Brazilian Wandering Spider

The Brazilian wandering spider (or Phoneutria nigriventer) is a species of arachnid native to South America – predominantly in the rainforests, although it does often live in urban areas alongside humans. The spiders are large, venomous and pale brown in colour, with a hairy body and black striations on their legs. Males are slightly smaller than females with a much smaller abdomen, and also have swollen bulbs on the end of their palps, which are the segmented appendages near the mouth and are often used to distinguish the sexes.
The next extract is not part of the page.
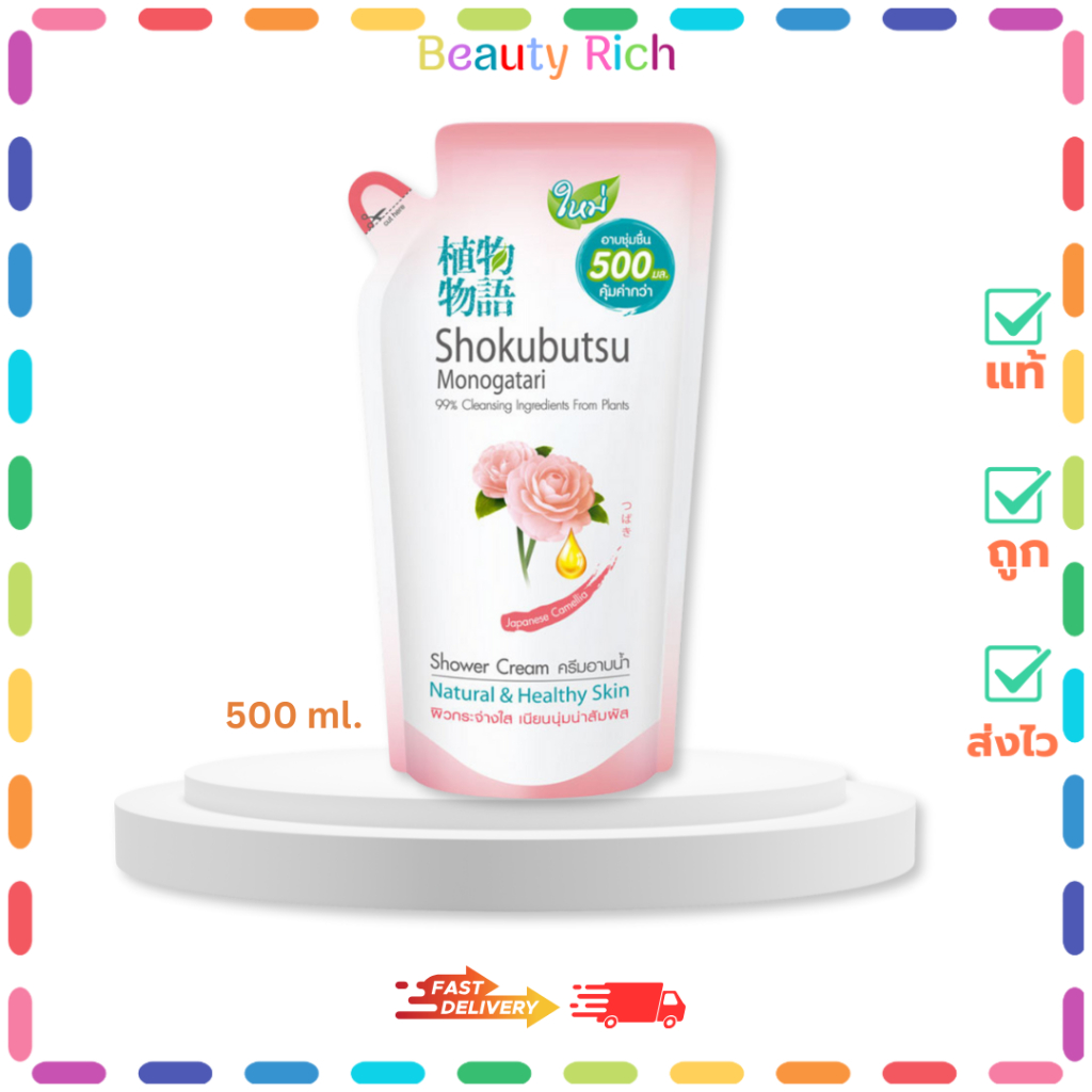 (1 ถุง) Shokubutsu Monogatari Japanese Camellie (กุหลาบ) ครีมอาบน้ำ โชกุบุสซึ (500 ml.)

Brazilian Salmon Pink Tarantula

The Brazilian salmon pink tarantula (or Lasiodora parahybana) is a large species of spider exclusively endemic to the Atlantic Forest area of East Brazil. They are black in colour, with pink or red hairs on their legs and abdomen. When looked at as a whole, the males are slightly larger than females with a leg span that can reach 28cm, but females are heavier with a larger abdomen. Males also often have brighter coloration than females.

Boa Constrictor

The boa constrictor is a large species of snake native to Central and South America. They are a ubiquitous species split into 9 subspecies, all of which are capable of living in most environments but mostly found in rainforests, coastal areas and semi-deserts. Although there are many different colours and patterns among these snakes, the typical appearance is pale brown, dark brown and black scales in a rhomboid pattern down the length of the body. The species exhibits sexual dimorphism; the males and females look different.

Amazonian Giant Centipede

The Amazonian giant centipede (or Scolopendra gigantea) is a large, fearsome and predatory arthropod that is native to the forests of South America and the Caribbean. It is capable of catching, envenoming and killing many animals, and has learned specific techniques for catching particular prey. The centipede can reach 30cm in length and can occur in a variety of colours – typically red, yellow, brown or black – with yellow legs and dark stripes between body segments.

Giant Panda

The giant panda (or Ailuropoda melanoleuca) is a species of bear native to the mountains of Central China. They have black and white fur in a distinctive pattern, with black legs, ears and circles around their eyes. Pandas feed almost exclusively on bamboo and, as a result, are extremely dependent on rich bamboo forests to survive. This is a low energy food, so pandas must eat a lot of it to live and spend most of their waking hours foraging and eating. Their low energy intake also means they produce very tiny and vulnerable cubs.

Giant Galapagos Tortoise

The Giant Galapagos tortoise (or Chelonoidas nigra) is a species of reptile endemic to the Galapagos Islands and does not appear anywhere else in the world. They come in two types – saddleback shelled and dome shelled – and both variants have a dull grey-brown shell and scaly, grey coloured skin. Saddleback shell tortoises have long necks and live in dry lowland areas, while dome shell tortoises have short necks and live in humid highland areas.

Gharial

Gharials (or Gavialis gangeticus) are a critically endangered species of crocodile native to the rivers of the Indian subcontinent. With recent estimations stating there are just 200 left in the wild, the dwindling population is now restricted to just four stretches of river in Nepal and North India. Their collapse in numbers has been caused by the increase in river pollution reducing the amount of fish in the water, as well as by sand-mining destroying sandbanks that are essential for egg-laying females.

Gemsbok

The gemsbok (or Oryx gazella) is a species of antelope that lives in the Kalahari and Namib deserts of Southern Africa. They are characterised by several visual features: long, slim and spiral horns; a black face with white markings over the eyes and muzzle; a grey-brown coat with black markings on the upper legs and back; as well as white ‘socks’. On average, Gemsbok stand between 1.1 and 1.3m tall at the shoulder, measure 1.9 to 2.4m long and have an average horn length of 85cm. The males are also slightly larger and significantly heavier than the females.